── Records for the task ──

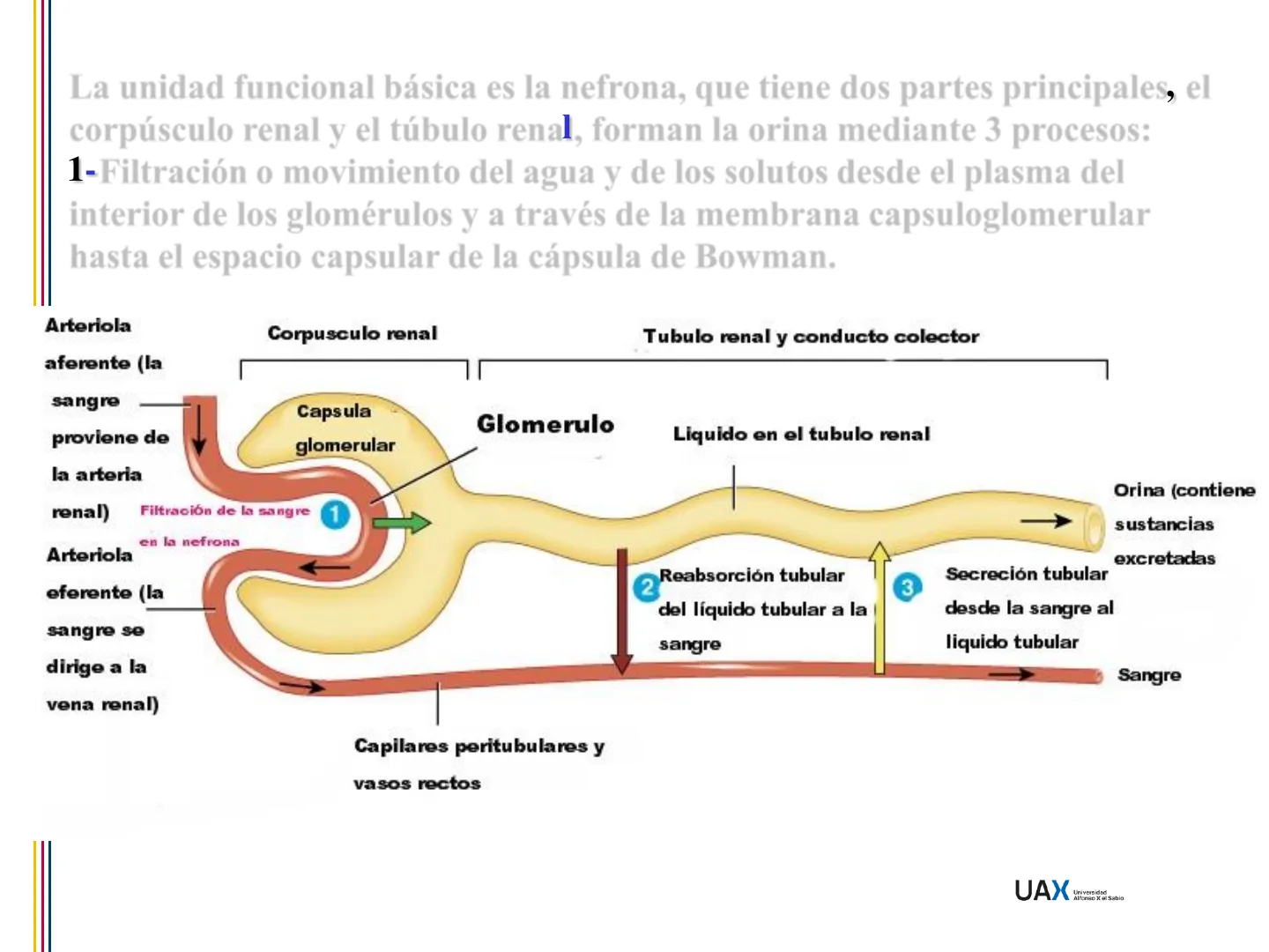 FILTRACION, REABSORCION Y SECRECION 2024/2025 1 UAX Universidad Alfonso X el SabioLa unidad funcional básica es la nefrona, que tiene dos partes principales, el corpúsculo renal y el túbulo renal, forman la orina mediante 3 procesos:
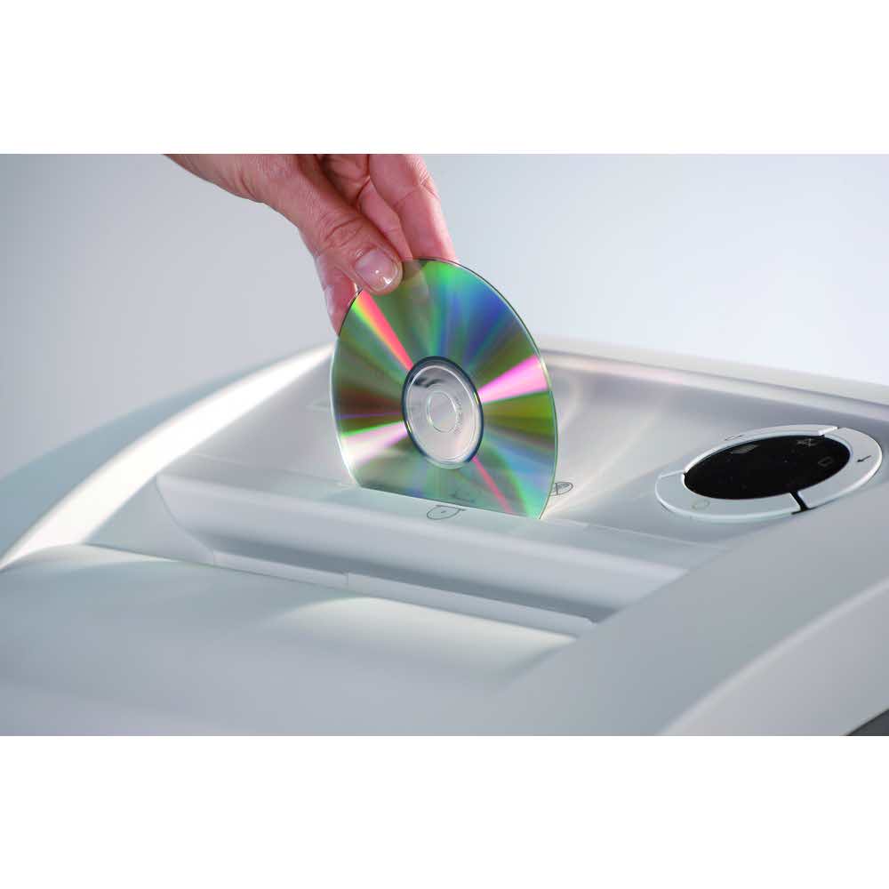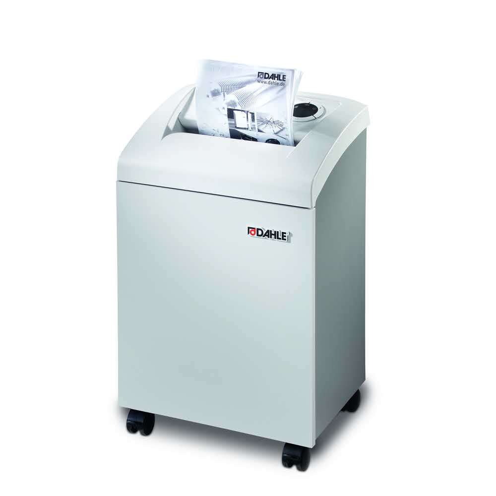 Posiada monolityczne wałki tnące wykonane z twardej stali, odporne na zszywki i spinacze biurowe.
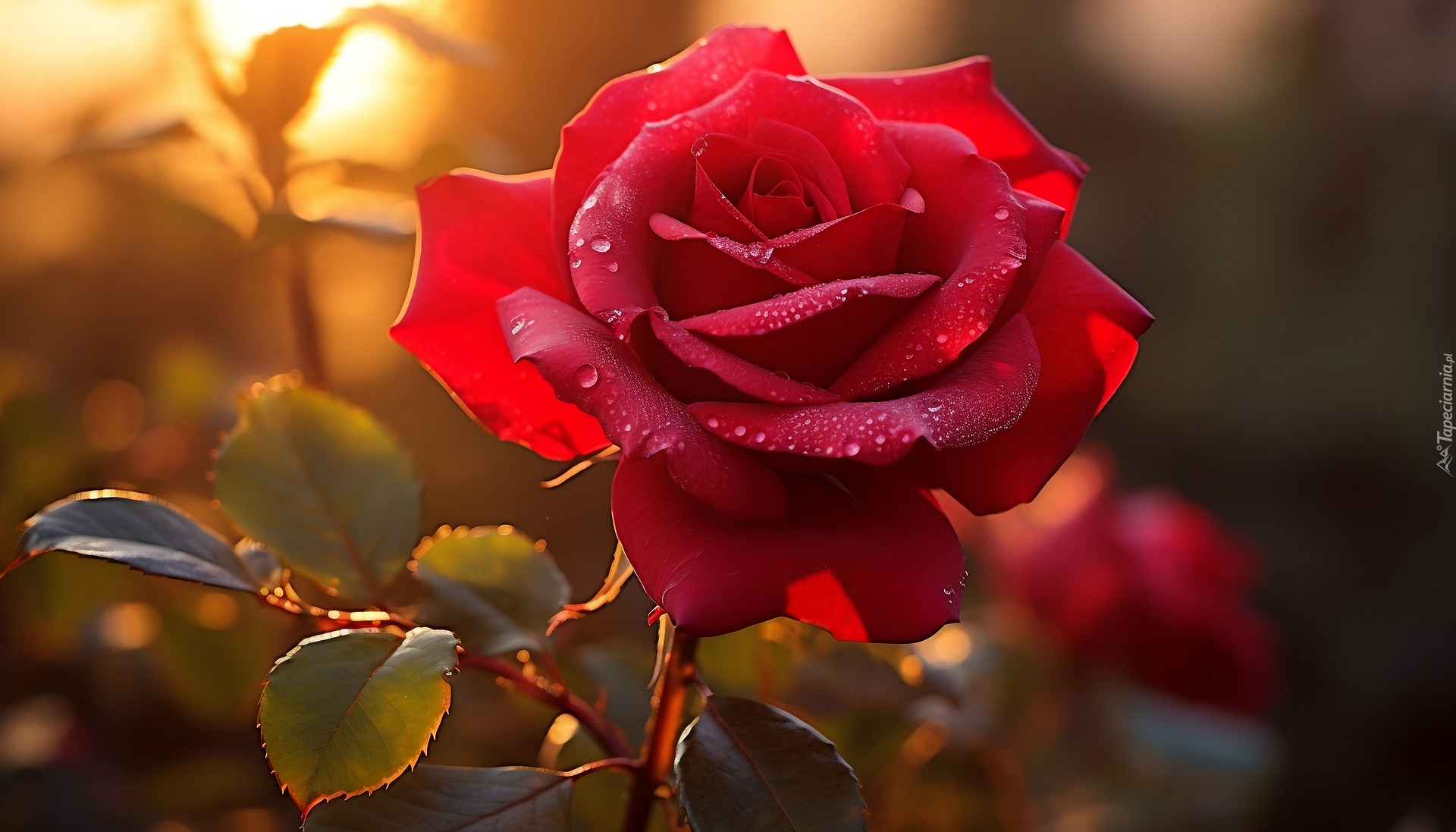 Edytor tapety: Mokra rozświetlona czerwona róża
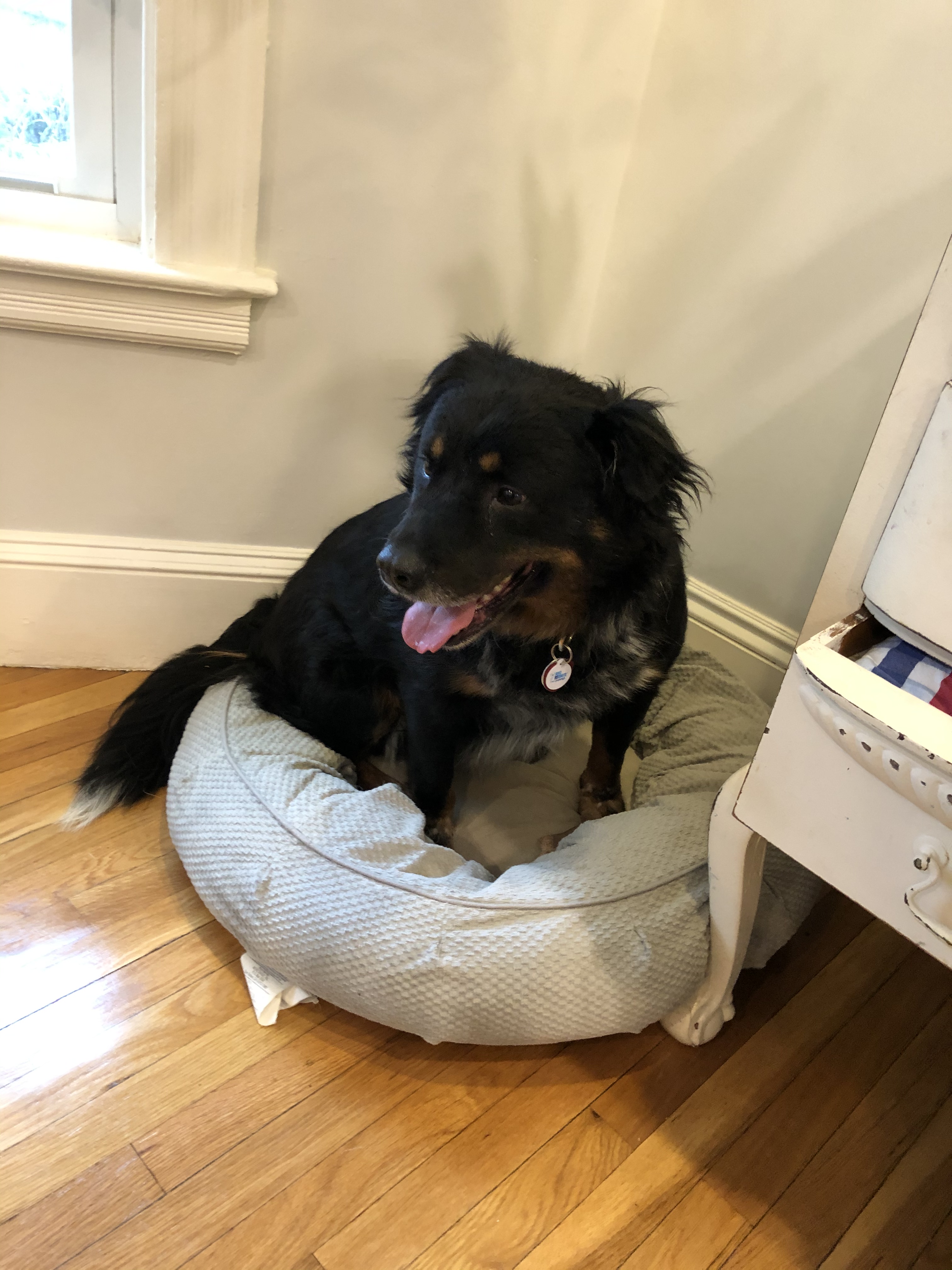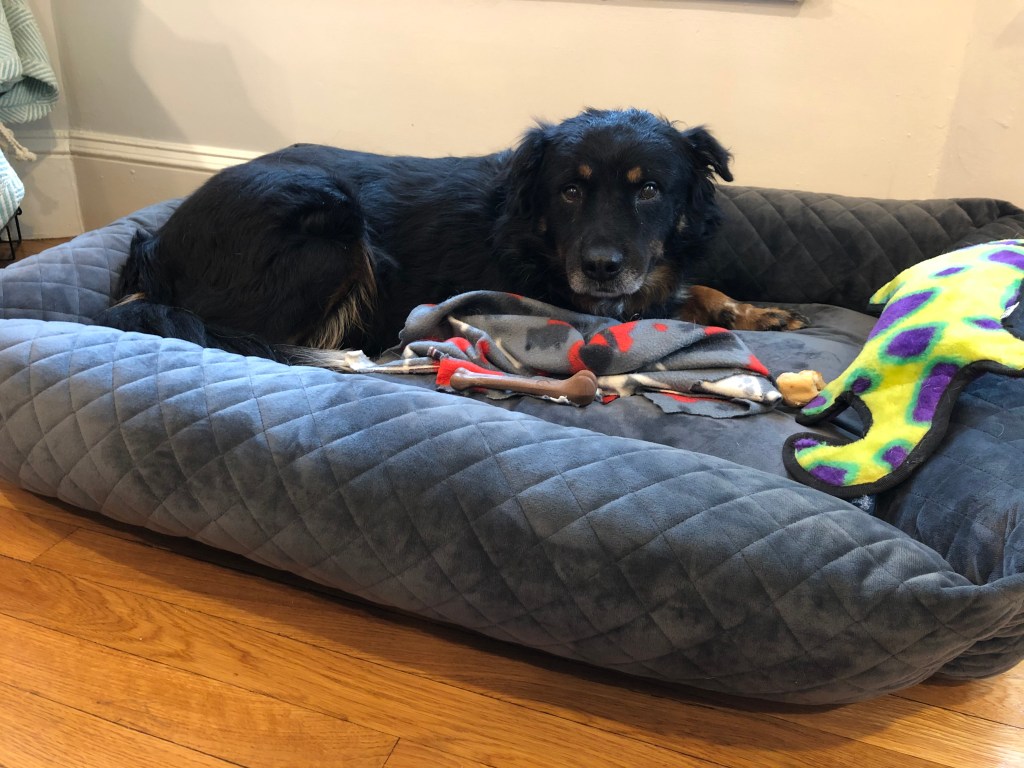 We drove you to your actual new home, where you immediately flopped into the bed we’d bought you, a bolstered one, just like your foster mom said you’d like. Like a very big, dark Goldilocks, you also tested out Rosie’s bed several times. I tried very hard not to laugh at you, because we’re trying to make you feel at home.
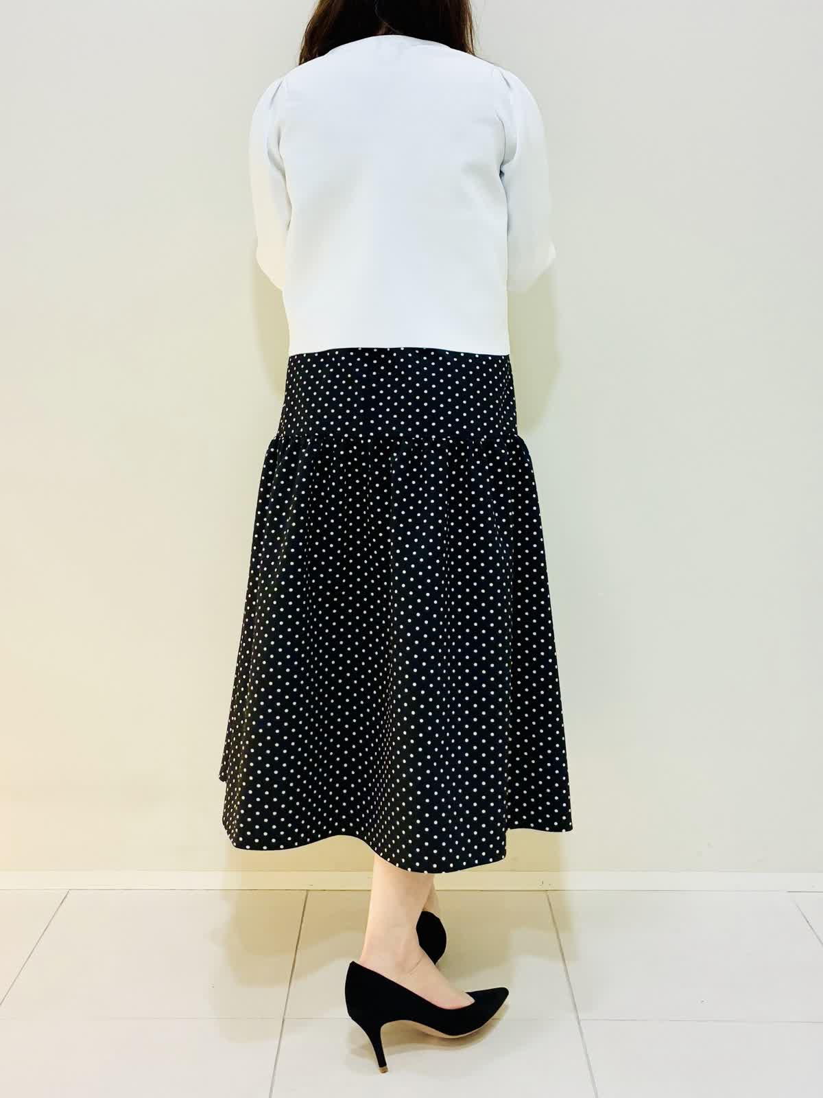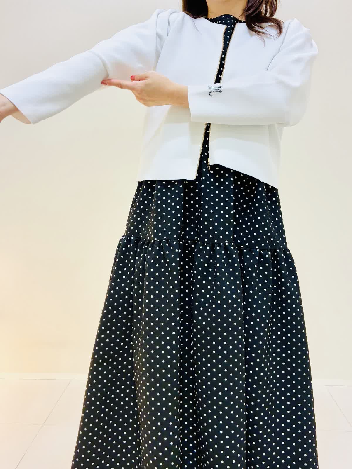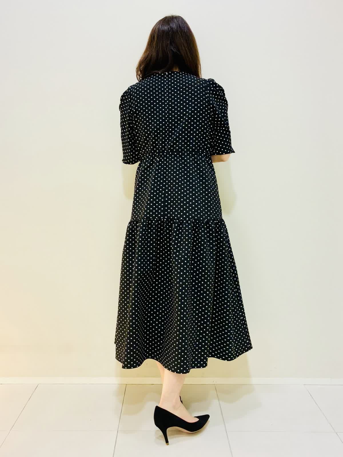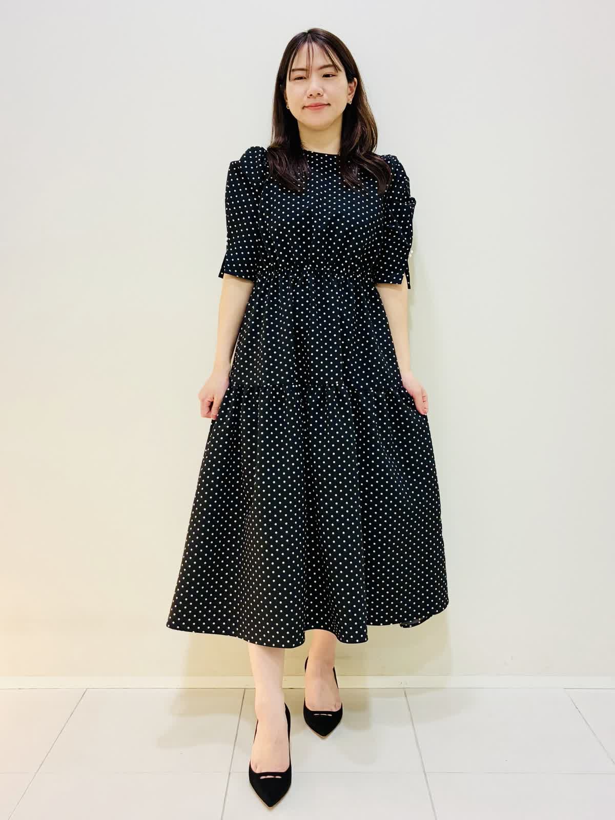 【着用サイズ】 ワンピース:ブラック:9号サイズ カーディガン:オフホワイト:9号サイズ 『ワンピースコーデ』 半袖がかわいいドットのワンピースです。 程よく薄くてサラリと生地で、ウエストが柔らかいゴムなので着心地もすごくいいです。 肩のボリュームもあり一枚でサマになるワンピースにロゴ刺繍のカーディガンを合わせました。ワンピースだけだと肌寒い時期にピッタリです。 スニーカー合わせでカジュアルミックスコーデもおすすめです。

───

■ The task:
Give again exactly the lines running from the beginning of the material above through the line that contains "Edytor tapety: Mokra", and leave out every picture.

■ Answer area:
 FILTRACION, REABSORCION Y SECRECION 2024/2025 1 UAX Universidad Alfonso X el SabioLa unidad funcional básica es la nefrona, que tiene dos partes principales, el corpúsculo renal y el túbulo renal, forman la orina mediante 3 procesos:
 Posiada monolityczne wałki tnące wykonane z twardej stali, odporne na zszywki i spinacze biurowe.
 Edytor tapety: Mokra rozświetlona czerwona róża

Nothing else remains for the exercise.